ARISTOTLE, a double-blind, prospective trial of apixaban versus warfarin in patients with AF and at least one other risk factor for stroke showed that apixaban may have several advantages over warfarin.⁵ The trial’s primary efficacy end point, ischemic or hemorrhagic stroke or systemic embolism, occurred in 212 patients given apixaban compared with 265 assigned to warfarin (p = 0.01). Additionally, the rate of death from any cause was significantly lower in the apixaban arm of the study (603 vs. 669 warfarin-treated patients; p = 0.047). Rates of major bleeding were significantly lower with apixaban relative to warfarin (major bleeding was documented in 327 vs. 462 patients, respectively; p < 0.001. For additional information, see page 15).

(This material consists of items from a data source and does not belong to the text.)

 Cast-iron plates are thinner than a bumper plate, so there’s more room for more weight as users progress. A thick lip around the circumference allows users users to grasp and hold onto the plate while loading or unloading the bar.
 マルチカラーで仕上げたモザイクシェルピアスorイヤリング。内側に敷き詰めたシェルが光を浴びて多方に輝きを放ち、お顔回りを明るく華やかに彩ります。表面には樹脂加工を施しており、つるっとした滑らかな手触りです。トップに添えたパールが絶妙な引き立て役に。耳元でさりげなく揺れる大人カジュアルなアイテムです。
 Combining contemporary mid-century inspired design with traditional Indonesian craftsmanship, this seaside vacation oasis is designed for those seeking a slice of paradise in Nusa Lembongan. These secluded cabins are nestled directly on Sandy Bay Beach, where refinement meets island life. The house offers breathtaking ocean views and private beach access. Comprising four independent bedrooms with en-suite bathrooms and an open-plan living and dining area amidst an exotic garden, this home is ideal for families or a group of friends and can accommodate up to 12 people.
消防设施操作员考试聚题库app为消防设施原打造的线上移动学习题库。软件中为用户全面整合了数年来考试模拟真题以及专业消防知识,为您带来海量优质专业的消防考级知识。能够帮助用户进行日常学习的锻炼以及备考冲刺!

In the ROCKET AF trial, in patients with nonvalvular AF and a history of stroke, transient ischemic attack, systemic embolism or at least two other risk factors for stroke, rivaroxaban was noninferior to warfarin for prevention of stroke or systemic embolism.⁶ In the per-protocol, as-treated primary analysis, the primary end point occurred in 188 patients in the rivaroxaban group versus in 241 in the warfarin group (hazard ratio in the rivaroxaban group, 0.79; 95% confidence interval, 0.66 to 0.96; p < 0.001 for noninferiority). No significant difference was observed between rivaroxaban and warfarin in the risk of major bleeding. (For additional information, see page 15.)

A recent FDA panel voted to recommend approval of rivaroxaban for stroke prevention in AF. Novel anticoagulants could offer clinicians and patients new alternatives for stroke prevention in AF.

References

Fuster V, Ryden LE, Cannom DS, Crijns HJ, Curtis AB, Ellenbogen KA, et al. 2011 ACCF/AHA/HRS Focused Updates Incorporated Into the ACC/AHA/ESC 2006 Guidelines for the Management of Patients With Atrial Fibrillation: a report of the American College of Cardiology Foundation/American Heart Association Task Force on practice guidelines. Circulation 2011;123(10):e269–e367.

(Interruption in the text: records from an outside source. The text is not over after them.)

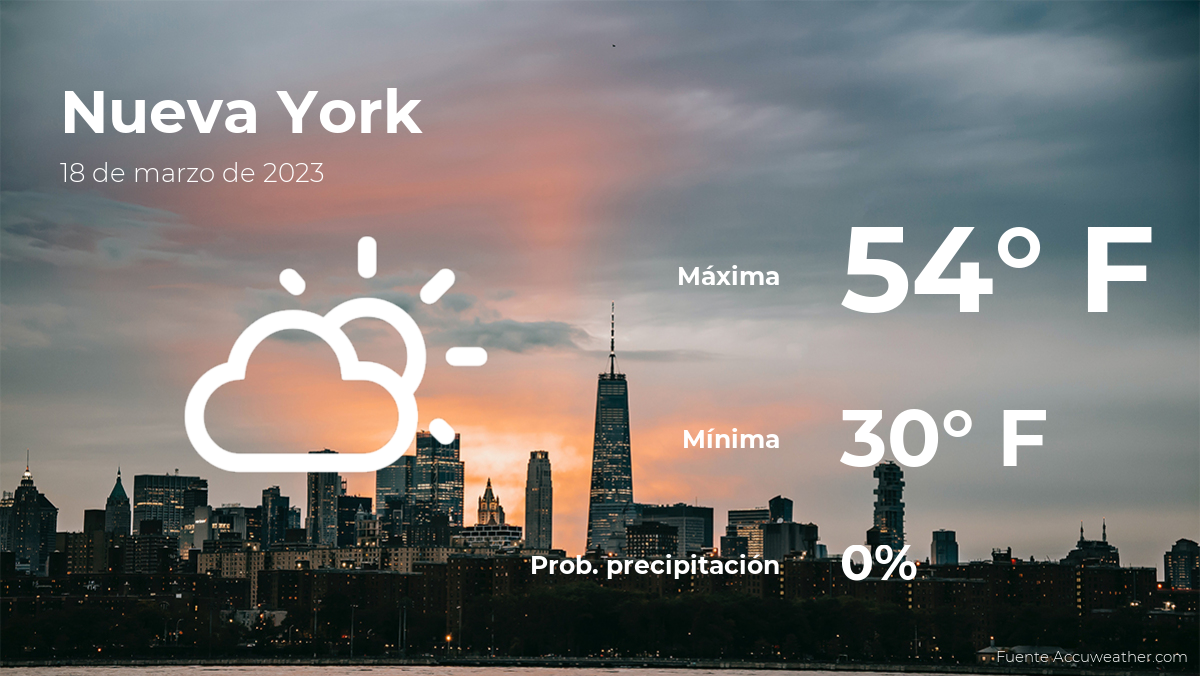 Clima de hoy en Nueva York para este sábado 18 de marzo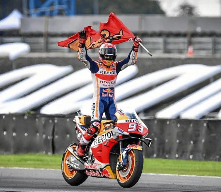 Márquez demostró su ambición al buscar hasta la extenuación la victoria en Tailandia, en el circuito de Buriram, a pesar de que la segunda plaza tras el francés Fabio Quartararo (Yamaha) le bastaba para proclamarse campeón. El piloto de Honda aguantó todo el tiempo tras la estela de Quartararo hasta que a dos vueltas del final protagonizó el primer intento de superarlo con una arriesgada maniobra por el exterior. Sin embargo, no fue hasta el último giro cuando logró superar al francés.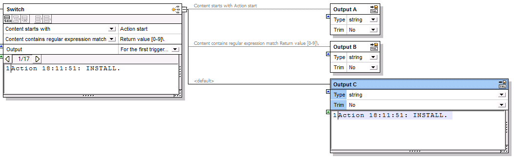 1.Redirect the current row to output A if it contains the value "Action started". You can find such rows by using a condition of type "Content starts with", and enter "Action started" as value.

Gage BF, Waterman AD, Shannon W, Boechler M, Rich MW, Radford MJ. Validation of clinical classification schemes for predicting stroke: results from the National Registry of Atrial Fibrillation. JAMA 2001;285(22):2864-2870.

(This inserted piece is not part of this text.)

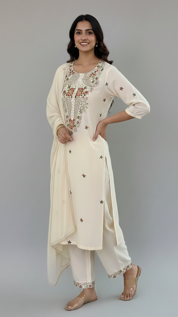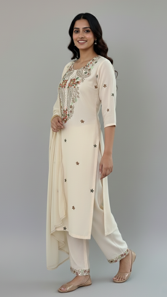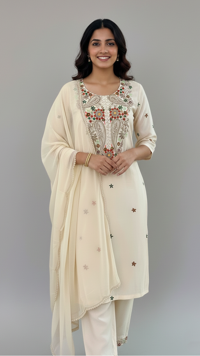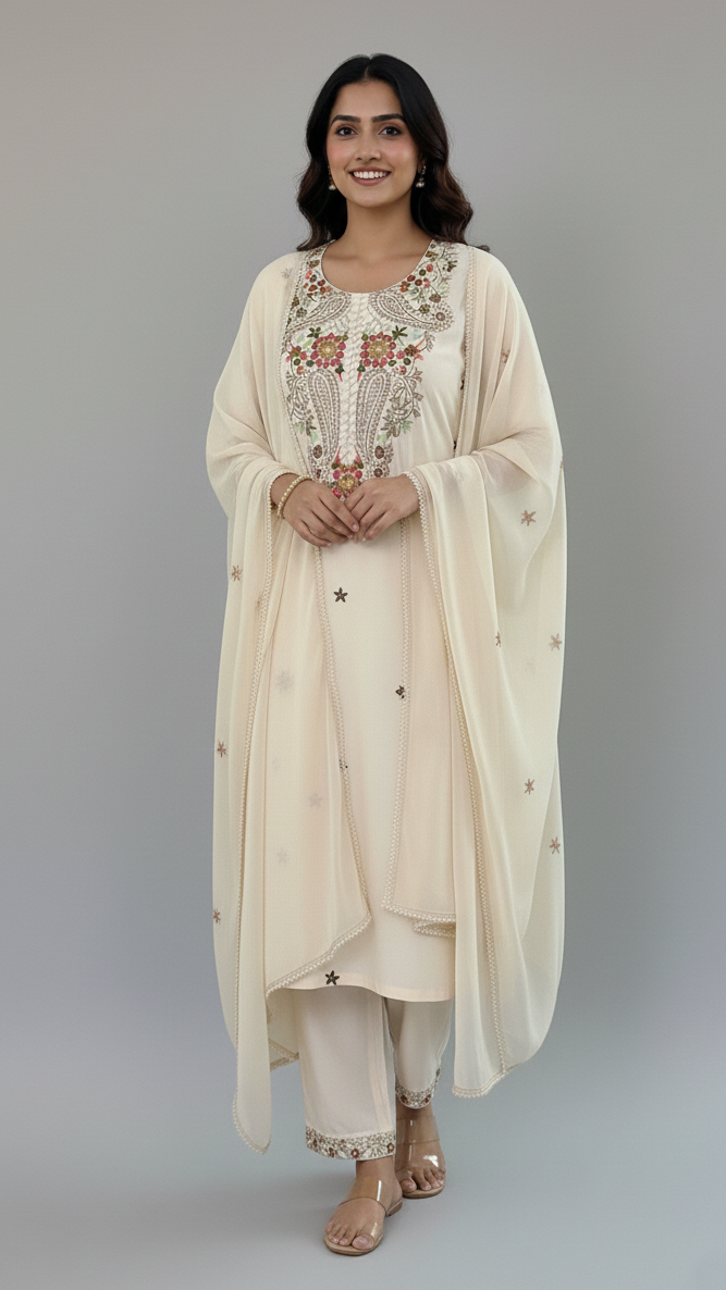 This Silk Straight Suit Set in Cream with Floral Zardozi Design, Adorned with Sequence, Pearl, and Thread Weave Buttis. Georgette Dupatta with Aari-Work, Pearl, and Sequence Work Buttis and Scallop Border.

Connolly SJ, Ezekowitz MD, Yusuf S, Eikelboom J, Oldgren J, Parekh A, et al. Dabigatran versus warfarin in patients with atrial fibrillation. N Engl J Med. 2009;361(12):1139-1151.
Pisters R, Lane DA, Nieuwlaat R, de Vos CB, Crijns HJ, Lip GY. A novel userfriendly score (HAS-BLED) to assess one-year risk of major bleeding in atrial fibrillation patients: The Euro Heart Survey. Chest 2010;138(5):1093-1100.
Granger CB, Alexander JH, McMurray JJV, Lopes RD, Hylek EM, Hanna M, et al. Apixaban versus warfarin in patients with atrial fibrillation. N Engl J Med. 2011;365(11):981-992.
Patel MR, Mahaffey KW, Garg J, Pan G, Singer DE, Hacke W, et al. Rivaroxaban versus Warfarin in Nonvalvular Atrial Fibrillation. N Engl J Med 2011;365(10):883-891.